It was first cast back in January 2020 which seems a very long time ago. I’m doing the props for this one which mostly involves dressing the set to look like a dark, gloomy, overstuffed Victorian parlour and I’m glad to finally get all the bits and pieces I’ve been accumulating for it out of the house.

I also made several local charity shops very happy by taking a large number of huge, old fashioned and frankly unsaleable pictures off their hands!

It’s been quite a challenge to find Victorian looking bits and pieces. My choice of décor is almost exclusively mid-century, so I’ve been very limited in what I’ve been able to source from home and our show budget only runs to charity shops, not antiques centres.

I’ve done my best but I’m hoping that the ten yard rule most definitely applies.

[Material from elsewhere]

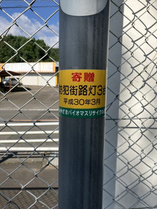 みやざきバイオマスリサイクル株式会社さまの寄贈ステッカーです。寄贈された町内防犯街路灯各10本に貼り施工させていただきました。
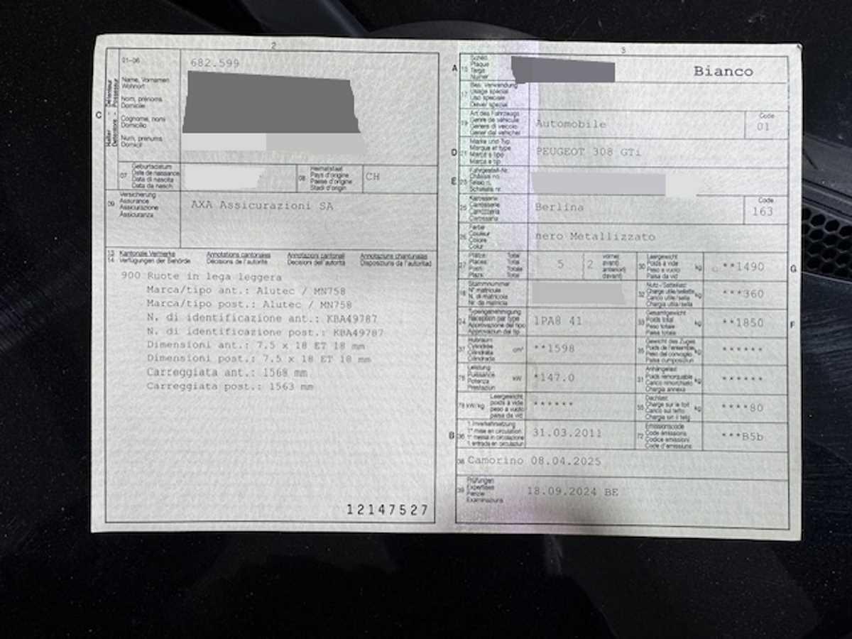 | Fahrzeugausweis | Vorhanden |

While I was waiting for the set to go up I managed to get a little further on with May’s Move It On Project, the Casalguidi work. From here:

to here:

Thankfully I’ve nearly finished the overcast trailing now and I can get onto the flowers.

I also got stuck into all those French knots and have finished the In The Stitch Zone Stumpwork Garden Workshop garden path, all apart from some little white or lilac French knots to suggest flower heads on the low growing plants and some taller weeds around the edges.

Note the lone raised stem band courgette on the left. It needs some friends, leaves and stems by Monday!